The country owes a whopping $11 billion, of which around $6.5 billion is in arrears, including $3.5 billion owed to a group of multilateral creditors that includes the African Development Bank, Afreximbank, European Investment Bank and World Bank.
Token repayments cannot hide the fact that Zimbabwe has not serviced its foreign debts since 2000, which explains why it is one of the worst investor risks globally and is within the lowest of Euromoney’s five broad categories of risk.
One of Euromoney’s survey contributors is Tony Hawkins, an economics professor who founded the University of Zimbabwe Graduate School of Management. He says it is difficult to know reliably the scale of Zimbabwe’s debts due to unpublished borrowing from China.
“In addition, there is the contingency of a $3.5 billion compensation package for white farmers, whose land was expropriated in the early 2000s,” he says. “Half of this was due to be paid in July. Its inclusion pushes arrears above $10 billion and the total debt to $15 billion, or 85% of GDP.”
Hawkins is cautious over Zimbabwe’s future, not least because there are elections due again by mid-2023 and Mnangagwa has boasted that his ruling party, the Zimbabwe African National Union-Patriotic Front (Zanu-PF), will rule forever.
Hawkins is critical of the government’s “open-for-business” mantra. He says state intervention is everywhere and increasing, notably in agriculture and mining.
He also notes the foreign-exchange auction is “opaque” and “manipulated”, with the Reserve Bank of Zimbabwe, the central bank, in effect the sole seller.
“Exporters are punished through the 40% forced conversion of foreign earnings into the local currency at the over-valued auction rate,” says Hawkins.
[Zanu-PF, in essence,] operates as an organized criminal syndicate- Steve Hanke, Johns Hopkins University
Another of Euromoney’s country risk experts is Steve Hanke, a professor of applied economics at the Johns Hopkins University.

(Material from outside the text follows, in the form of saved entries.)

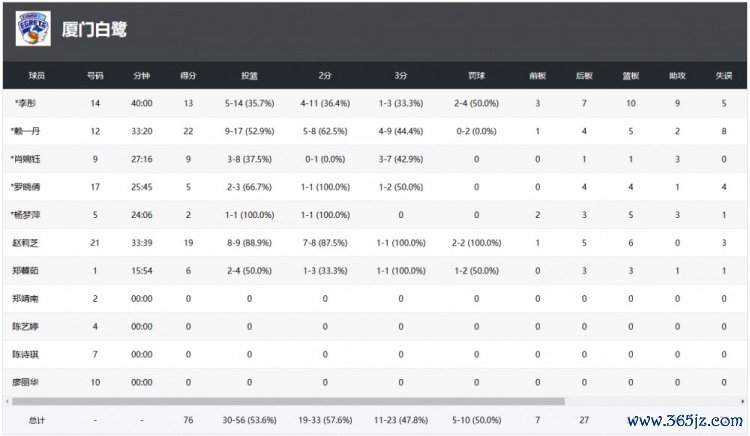 球队方面,全队整体三分回暖,全队远投23投11中,投出47.8%的三分命中率。并且在攻击 端打得十分合理,多次打出内传内和反击协作 ,全队共有19次助功 。球员方面,李彤拿到13分10篮板球 9助功 的准三项数据上双数据,作为中轴策应点,她很好地梳理了球队的攻击 ;赖一丹17投9中,其中三分9中4,拿到全队最高的22分,多次在胶着时刻拿分帮助球队稳住局面;赵莉芝本场赛事 多次篮下吃饼成功,以9投8中的超高命中率砍下19分;另外肖婉珏、罗晓倩和郑馨茹等人也打出非常不错的效率。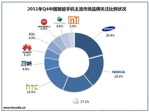 2011Q4中國智能手機市場主流市場品牌關注比例狀況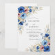 A whimsical watercolor design featuring vibrant blue blossoms and soft pink petals scattered amidst delicate dried grasses. The artistic brushstrokes evoke a dreamy, airy atmosphere with a natural, botanical feel.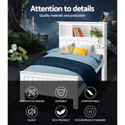 Made of natural pine wood, the Artiss Conqueror Bed Frame is ideal for kids as it for any adult. Strong and sturdy, the bed frame comes with a solid plywood slated base, reinforced supports across the frame, heavy-duty steel fixings and smooth edges all round. Finished in a non-toxic, eco-friendly white paint, the neutral coloured bed frame is also very practical with ample storage from a headboard that comprises three open compartments and a closed shelf that folds down as well as more room beneath the bed frame for optional trundle drawers or any storage boxes. Fact it, this charming bed frame is designed to please in more ways than one.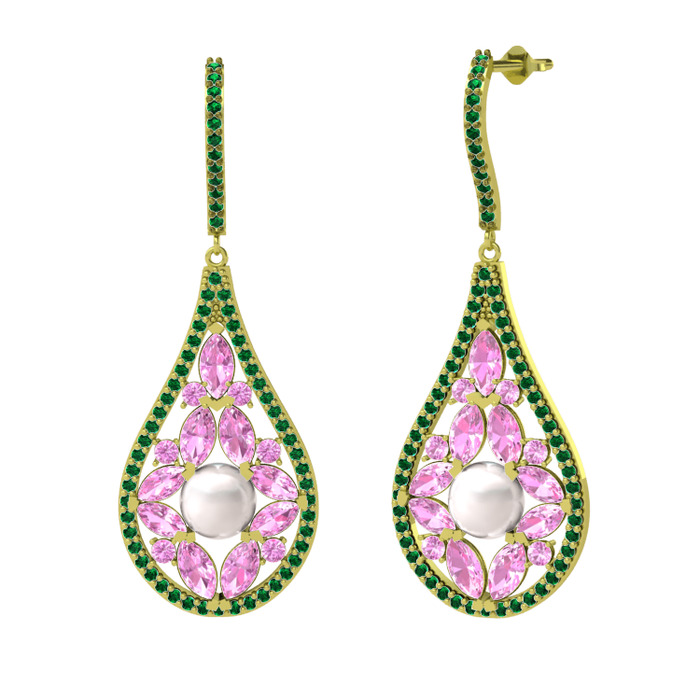 Inci, pembe kuvars ve yeşil kuvars 18 ayar altın küpe

Hanke is an expert on various countries and even calculates his own daily inflation measures (see Hanke’s Inflation Satellite). He adds that he was the only one accurately measuring Zimbabwe’s “fantastic hyperinflation of 2008, when prices were doubling every 24.7 hours”.
On his calculations, the inflation rate has come down from a peak of more than 1,000% in 2020 to 68.4% currently. As such, Zimbabwe has the fifth worst inflation rate, behind Venezuela, Lebanon, Sudan and Syria.
Hanke focuses on the institutions and corruption that are part and parcel of the Zimbabwean political framework – which all score lowly in Euromoney’s survey – as crucial elements of the country’s high risks.
“The country is in the firm grip of the political apparatus that was put in place long ago by Robert Mugabe,” he says, and he is not about to upgrade the country, noting that Zimbabwean investors must have a big appetite for the risks.
“Since the arrival of Mnangagwa in 2017, nothing has changed. Politics begins and ends with the Zanu-PF, which tightly controls the economy and everything else that goes on in Zimbabwe.”
Hanke says that Zanu-PF, in essence, “operates as an organized criminal syndicate”.
“The bribes that flow as a form of tribute, protection money or informal taxes are a necessary part of conducting any business in Zimbabwe and with few exceptions, the regular police and judiciary don’t stop or tamp down what is, in effect, illegal economic activity,” he says.